*DATA SHOWN:*

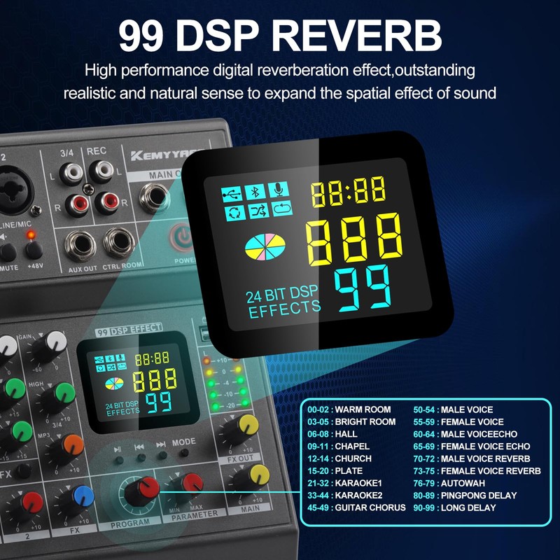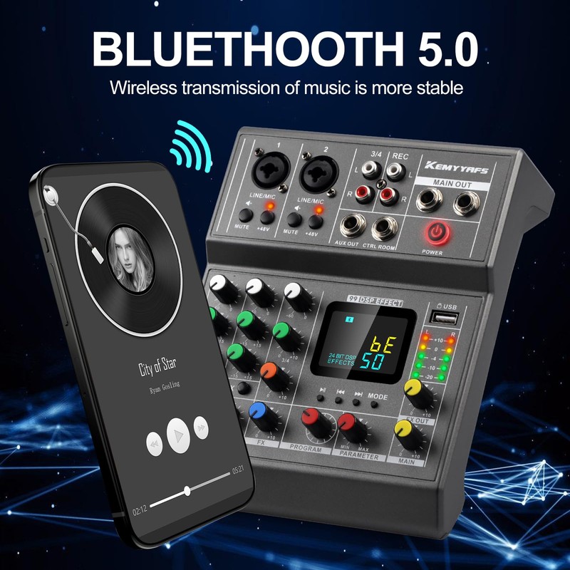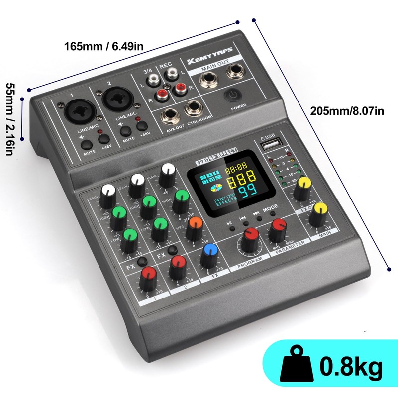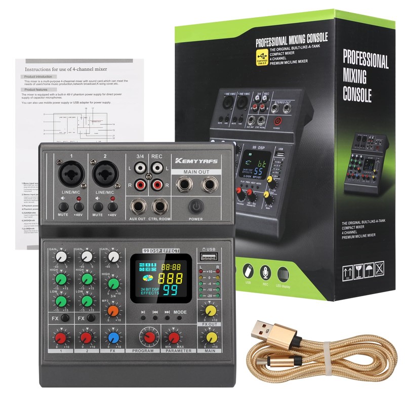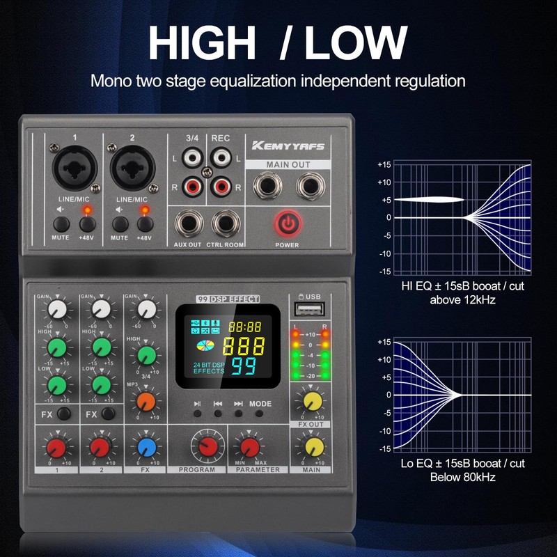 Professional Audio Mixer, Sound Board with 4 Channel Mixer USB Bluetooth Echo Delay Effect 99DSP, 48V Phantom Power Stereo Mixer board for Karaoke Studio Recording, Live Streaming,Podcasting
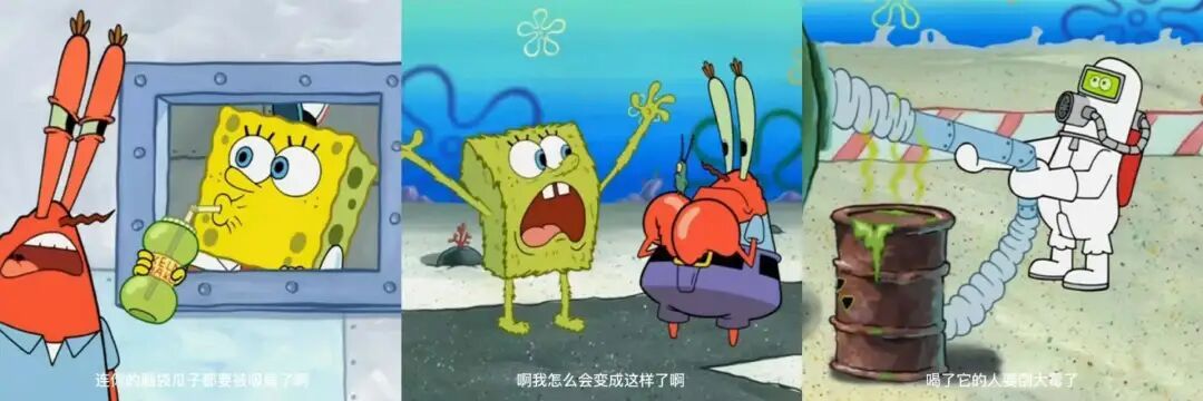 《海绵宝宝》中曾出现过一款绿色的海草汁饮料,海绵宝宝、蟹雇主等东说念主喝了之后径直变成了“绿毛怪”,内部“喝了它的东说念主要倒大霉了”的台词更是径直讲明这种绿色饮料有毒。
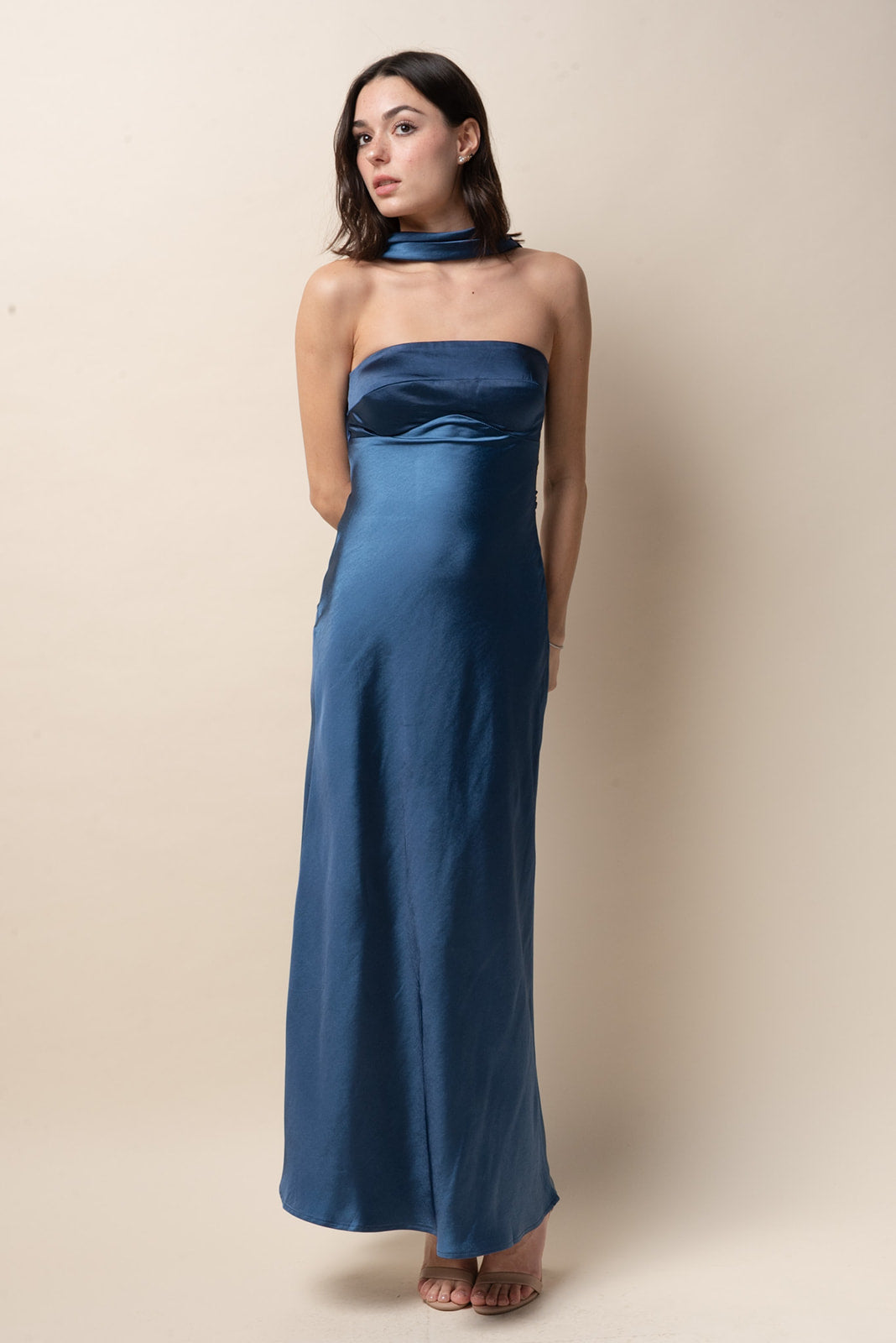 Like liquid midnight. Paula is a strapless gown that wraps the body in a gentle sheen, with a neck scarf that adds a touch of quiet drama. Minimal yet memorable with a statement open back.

*AIM OF THE EXERCISE:*
From the first line to the last, repeat the listing exactly and skip its images.

*YOUR SOLUTION:*
 Professional Audio Mixer, Sound Board with 4 Channel Mixer USB Bluetooth Echo Delay Effect 99DSP, 48V Phantom Power Stereo Mixer board for Karaoke Studio Recording, Live Streaming,Podcasting
 《海绵宝宝》中曾出现过一款绿色的海草汁饮料,海绵宝宝、蟹雇主等东说念主喝了之后径直变成了“绿毛怪”,内部“喝了它的东说念主要倒大霉了”的台词更是径直讲明这种绿色饮料有毒。
 Like liquid midnight. Paula is a strapless gown that wraps the body in a gentle sheen, with a neck scarf that adds a touch of quiet drama. Minimal yet memorable with a statement open back.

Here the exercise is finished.